What hardware was this change benchmarked on? The last time I looked at this was a few years ago, but back then the increased implicit hazards on %esp introduced noticeable performance regressions. Have recent CPUs optimised the microcode for this? The Intel optimisation guide used to explicitly say not to do this, but I've not checked recently.

What hardware was this change benchmarked on? The last time I looked at this was a few years ago, but back then the increased implicit hazards on %esp introduced noticeable performance regressions. Have recent CPUs optimised the microcode for this? The Intel optimisation guide used to explicitly say not to do this, but I've not checked recently.

I didn't benchmark it. My justification for the change is that GCC, ICC, and MSVC all lower calls like this, so it seems like the way to do it, and the binary size savings are significant.

According to the latest version of the Intel 64 and IA-32 Architectures Optimization Reference Manual, my concerns are not valid for the latest microarchitectures as the Stack Pointer Tracker eliminates the implicit dependencies. I am not sure that this applies to AMD / Centaur microarchitectures and how recent the addition of this to Intel chips is. I'd like to see some benchmarks, as this had a 5-10% performance penalty last time I looked at it.

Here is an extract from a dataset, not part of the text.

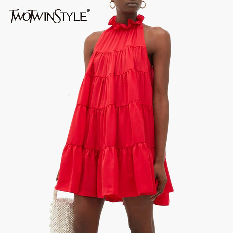 TWOTWINSTYLE богемное женское платье с бантом, мини-платья трапециевидной формы без рукавов с оборками на шее, женская летняя модная одежда, новин...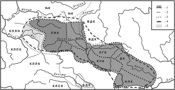 Рисунок 1 – Неолитические культуры между Донцом и Вислой. 1 – днепро-донецкая общность (ДДО); 2 – границы культур ДДО (по Д.Я. Телегину, Е.Н. Титовой, М.М. Чернявскому и др.): НПК – надпорожская культура, ЛГК – лисогубовская, КЧК – киево-черкасская культура, ВПК – восточнополесская культура, ПНК – припятско-нёманская культура; 3 – границы культур, которые не входят в ДДО (в том числе и верхнеднепровской, включение которой в ДДО не является общепризнанным): ВДК – верхнеднепровская культура, НрК – нарвская культура, КПЛН – культура «польского лесного неолита», КЛЛК – культура линейно-ленточной керамики, БДК – буго-днестровская культура; 4 – зона культур гребенчатой керамики (по Л.Л. Зализняку); 5 – территория распространения ПНК в свете последних исследований

Was the 5-10% regression you mention on a micro-benchmark or a full benchmark?

I don't have access to the architectures you mention, and I'm not sure what you'd consider the most relevant benchmark, but here are some numbers from V8, which is relevant for me.

Binary size before my patch: 23,248,074 b, after: 22,953,162 b (-294,912 b, or -1.3%).

Octane before (higher numbers are better):

Richards-octane2.1(Score): 27391
DeltaBlue-octane2.1(Score): 51519
Crypto-octane2.1(Score): 24533
RayTrace-octane2.1(Score): 68005
EarleyBoyer-octane2.1(Score): 40427
RegExp-octane2.1(Score): 4632
Splay-octane2.1(Score): 18678
SplayLatency-octane2.1(Score): 29875
NavierStokes-octane2.1(Score): 26214
PdfJS-octane2.1(Score): 17575
Mandreel-octane2.1(Score): 19200
MandreelLatency-octane2.1(Score): 45320
Gameboy-octane2.1(Score): 42320
CodeLoad-octane2.1(Score): 10595
Box2D-octane2.1(Score): 31416
zlib-octane2.1(Score): 51697
Typescript-octane2.1(Score): 30467

Octane after:

Richards-octane2.1(Score): 26621
DeltaBlue-octane2.1(Score): 47645
Crypto-octane2.1(Score): 25604
RayTrace-octane2.1(Score): 66525
EarleyBoyer-octane2.1(Score): 42885
RegExp-octane2.1(Score): 4814
Splay-octane2.1(Score): 21905
SplayLatency-octane2.1(Score): 37410
NavierStokes-octane2.1(Score): 29147
PdfJS-octane2.1(Score): 19737
Mandreel-octane2.1(Score): 21306
MandreelLatency-octane2.1(Score): 52476
Gameboy-octane2.1(Score): 48493
CodeLoad-octane2.1(Score): 12187
Box2D-octane2.1(Score): 49634
zlib-octane2.1(Score): 56661
Typescript-octane2.1(Score): 31267

Some tests scored lower with my patch (Richards, DeltaBlue, RayTrace), but the rest improved. I'd say it's in the noise, but at least the noise seems to point in a favourable direction for my change :-)

This was a 32-bit V8 release build on Linux, running on Intel(R) Xeon(R) CPU E5-2690 0 @ 2.90GHz

5% overall on macrobenchmarks - adding a pipeline stall on every function entry and exit adds up a lot. Good to see that it doesn't happen on modern hardware, but I'd still be interested in seeing what impact it has on AMD, Centaur, or older Intel hardware.